Potential treatment strategies in MS. In patients with little evidence of disease activity at baseline, treatment can be started with conventional first-line therapies such as IFN-β, glatiramer acetate, DMF or teriflunomide. Treatment should be monitored every 6–12-months. For patients with highly active disease at baseline or rapidly evolving severe disease (≥2 disabling relapses in 1 year, with at least one Gd+ lesion on T1-weighted MRI or a significant increase in lesion load on T2-weighted MRI), newer agents can be used as first-line therapy. The main differences between these two strategies are the higher responder rate and the earlier onset of action with the latter, which has to be evaluated for each individual patient

Monitoring MS by clinical parameters: relapses versus disability

In the majority of MS patients, the disease initially takes a relapsing–remitting course (RRMS), characterized by acute symptomatic relapses followed by periods of variable recovery. In the absence of treatment, more than 50 % of patients with RRMS will develop progressive disability after approximately 15 years [31].

Natural history studies have provided important insights into the determinants of disability progression in early MS. One such study showed a significant association between relapses occurring in the early stages of MS and long-term disability, which was primarily driven by an increasing risk of SPMS and, to a lesser extent, by an effect of frequent relapses on the rate of progression [32]. A further study [33] found that age at onset of MS, residual deficits after a first relapse, and the number of relapses during the first 2 years were predictive of the time to a Disability Status Score (DSS) of 3 (moderate disability), but not of the time from DSS 3 to DSS 6 (requiring assistance to walk). The authors suggested that these findings would be consistent with a two-phase process of progressive disability, in which the first stage is related to focal inflammation that is amenable to treatment, whereas the second stage is independent of current inflammation and may be related to diffuse neurodegeneration [33].

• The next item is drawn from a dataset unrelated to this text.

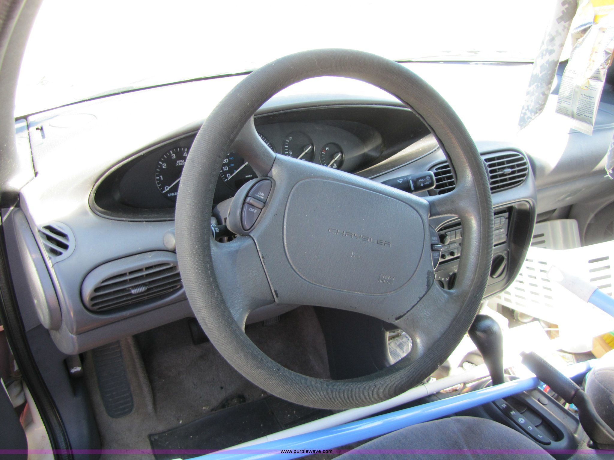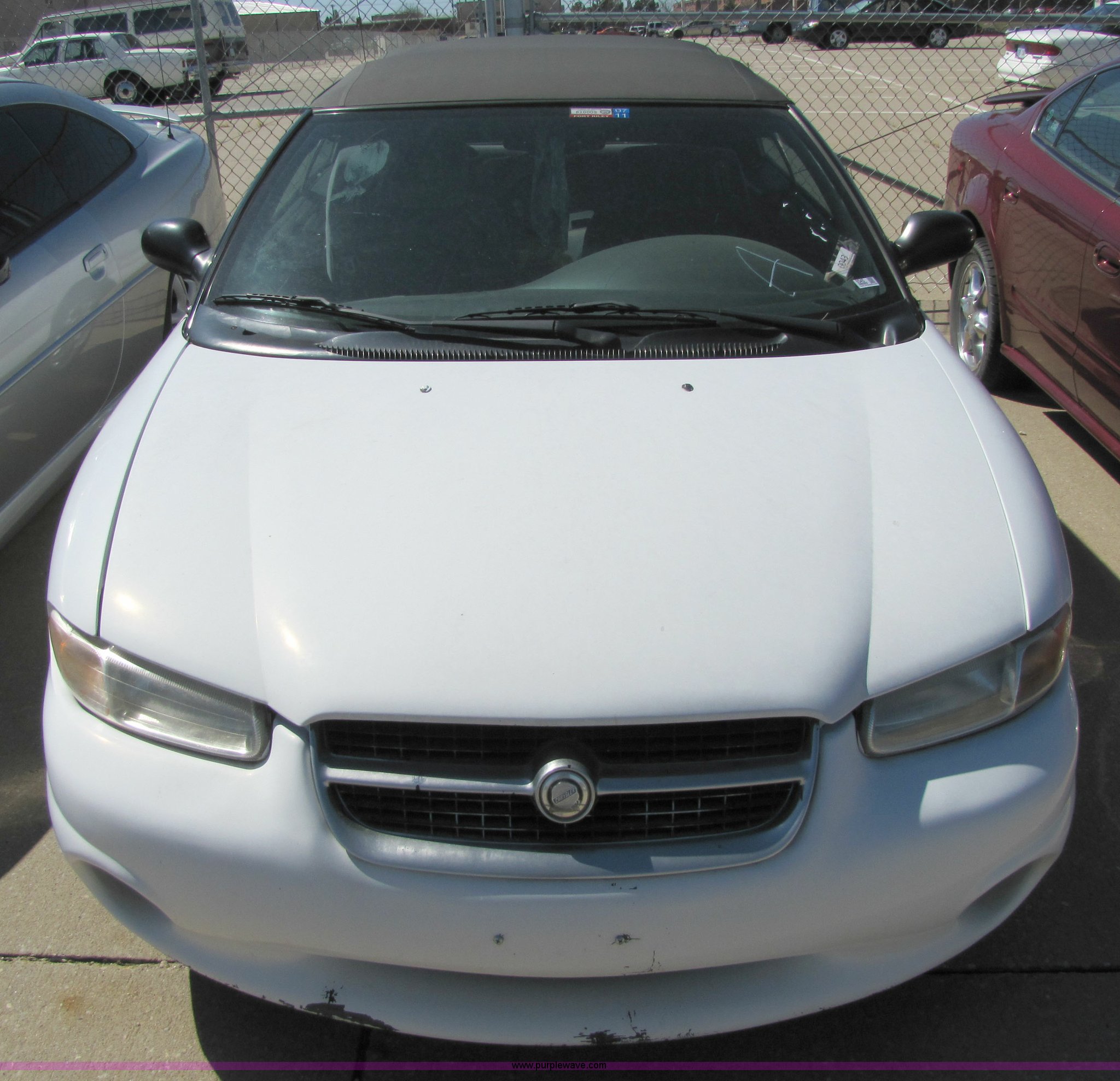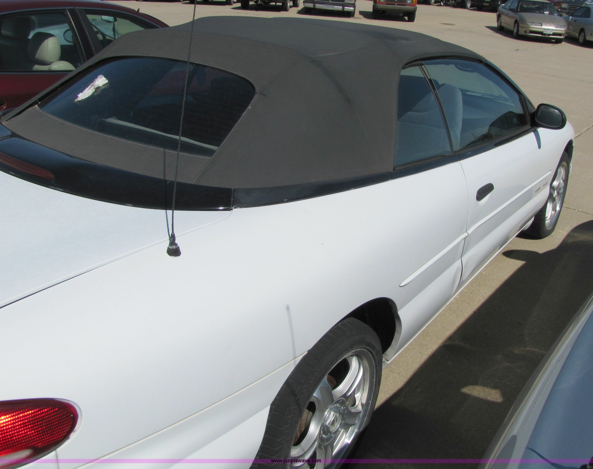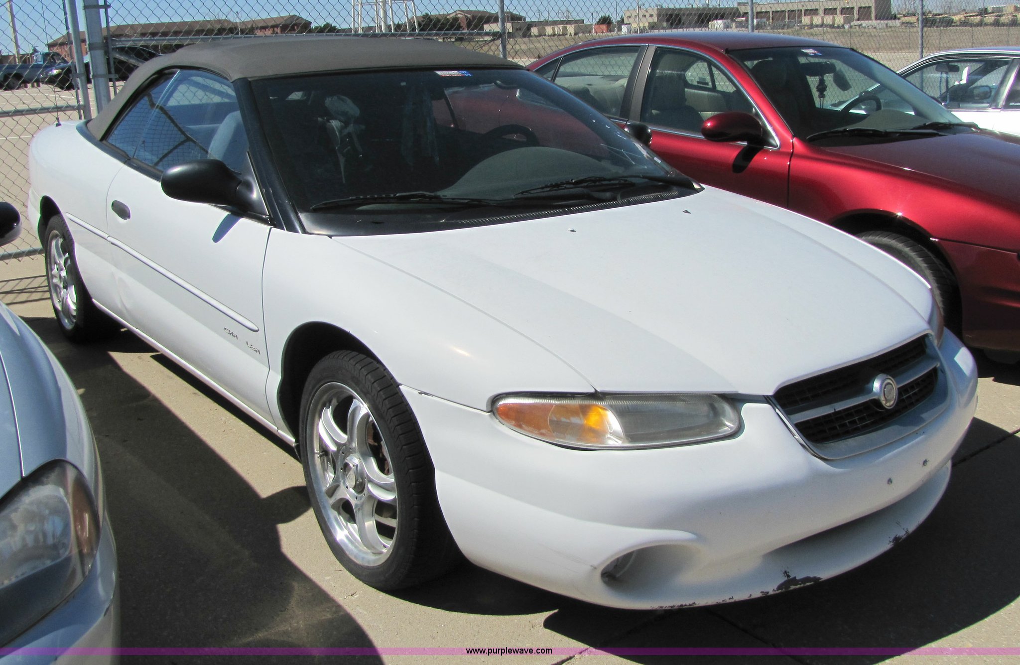 Purple Wave is selling a used Passenger Vehicle in Kansas. This item is a 1996 Chrysler Sebring JX convertible with the following: Unknown mileage, 2.5L V6 SFI engine, Automatic transmission, AC and heat, Tilt, Cruise, AM/FM, Power windows, locks, mirrors, and seats, Rear defrost, Cloth interior, 205/50R17 tires, Flat tires, Exterior and interior cosmetic damage, No keys, AV# 0043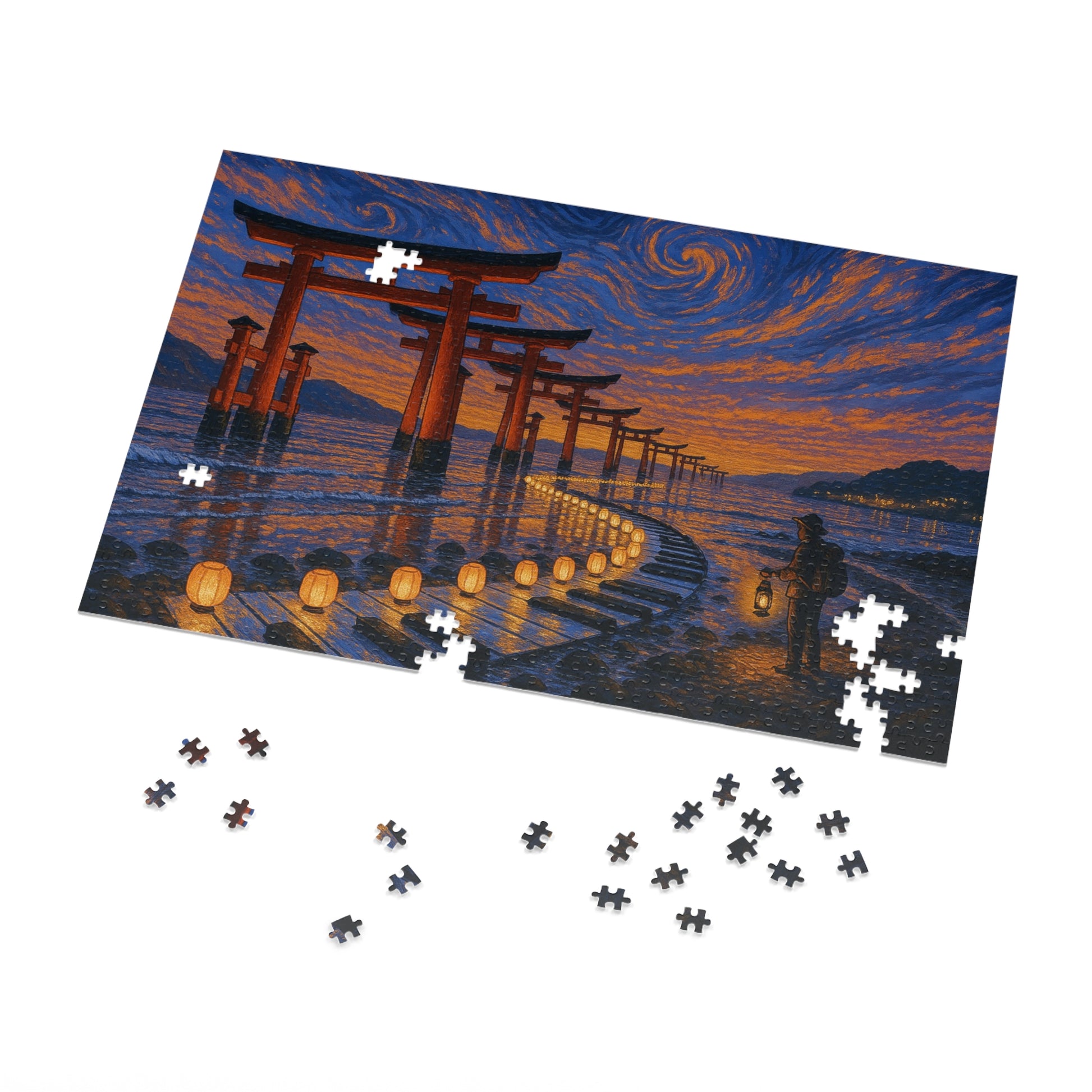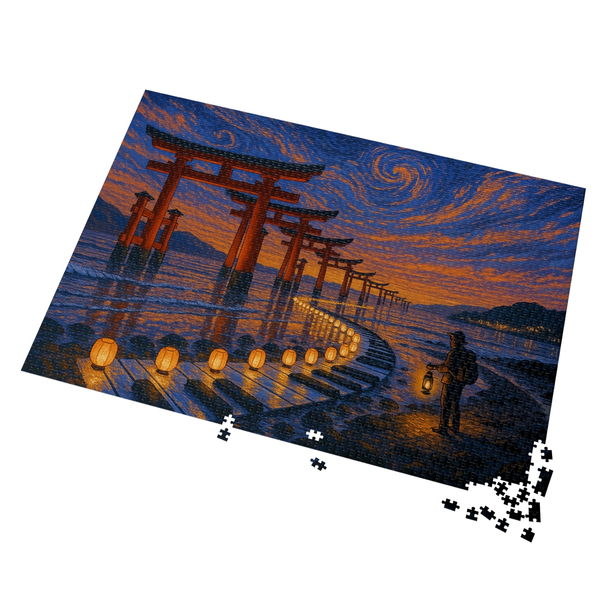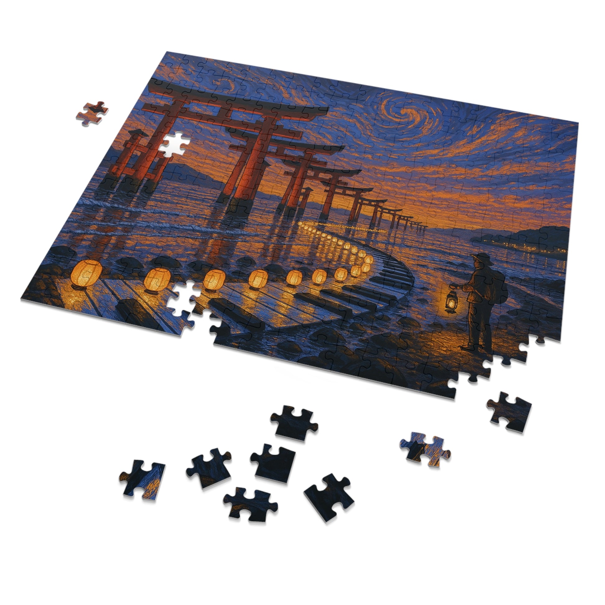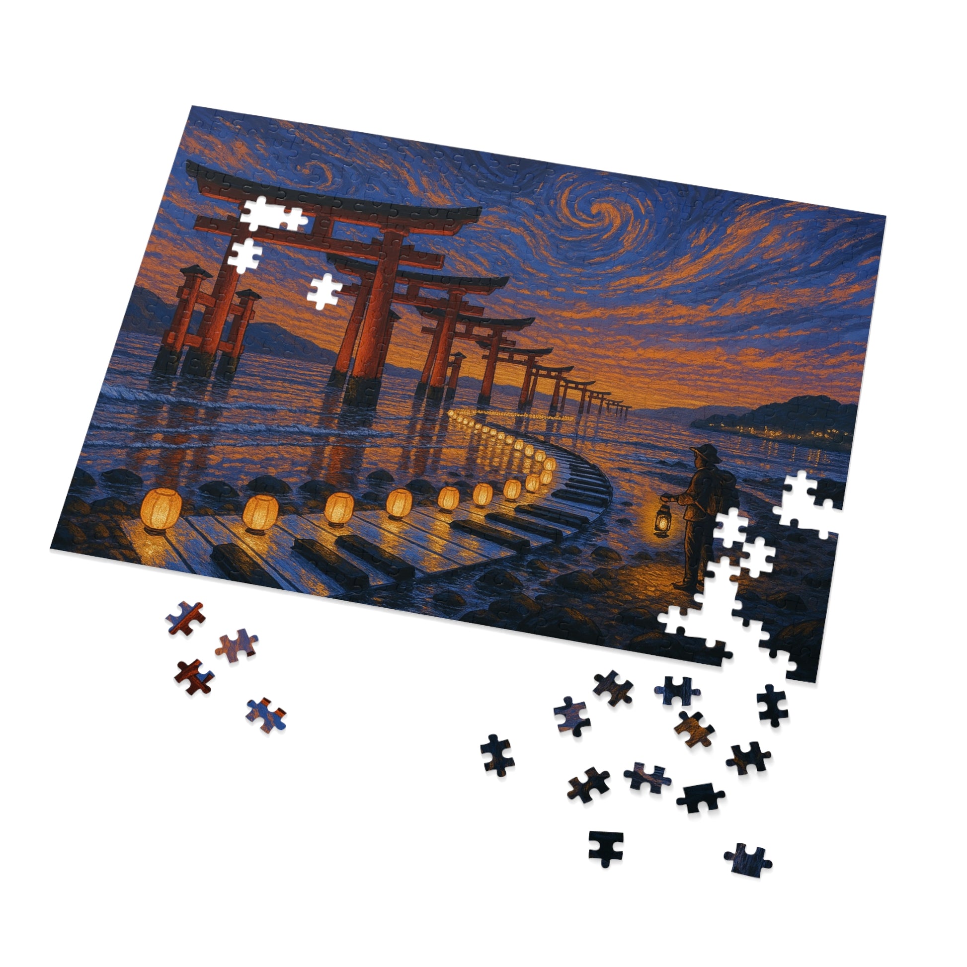 Natural zones—sky, gates, lantern path, shoreline—make sorting intuitive. The gentle S-curve guides assembly from foreground to far distance with a soothing cadence.

Monitoring MS by MRI: inflammatory activity versus destructive markers

Conventional MRI techniques, such as T2-weighted imaging and gadolinium (Gd)-enhanced T1-weighted imaging (Table 1) offer good sensitivity in assessing the location and temporal evolution of demyelinating plaques in the brain and spinal cord of MS patients; indeed, these techniques are considered to represent the ‘gold standard’ for diagnosing MS and monitoring the response to treatment [31, 34]. However, due to the limited pathological specificity of these techniques, they provide little information about the underlying inflammatory process in MS, and show only weak correlations with clinical measures of disability [31, 34].

Table 1 Conventional and emerging techniques used in the assessment of MS [34]

Alternatively, this apparent lack of correlation between conventional MRI measures and clinical disability could also be due to the low sensitivity of clinical measures of disability applied in routine clinical practice. For example, the widely used Expanded Disability Status Scale (EDSS) reflects the level of damage that has already occurred, and provides no information about the underlying neurodegenerative and reparative processes. Other MRI techniques, such as magnetization transfer (MTR), diffusion-tensor imaging (DTI) and proton magnetic resonance spectroscopy (MRS) (Table 1), appear to provide better and more quantitative measures of higher pathological specificity for hallmarks of the disease such as demyelination and remyelination (MTR, DTI) or axonal degeneration (MRS, DTI). Moreover, they show better correlations with standard measures of clinical disability [31, 34].

In addition to focal MRI lesions, MRI measurements of more diffuse brain atrophy have emerged in recent years as a promising measure of MS-related neuroaxonal damage, that could in principle be used to measure treatment effects [3537]. Brain atrophy is a characteristic feature of MS, occurring in the earliest stages and progressing throughout the course of the disease [38]. In people with MS, brain atrophy progresses at a rate of approximately 0.5–1.0 % per year, compared with 0.2–0.4 % in healthy individuals [35, 39], although it should be noted that it is unclear whether atrophy progresses in a linear fashion in individual patients. Of note, changes in brain volume in MS can reflect diverse pathophysiological mechanisms, including changes in inflammatory oedema, neuronal or axonal loss, de- and remyelination, and changes in glial cell number and volume [35, 39].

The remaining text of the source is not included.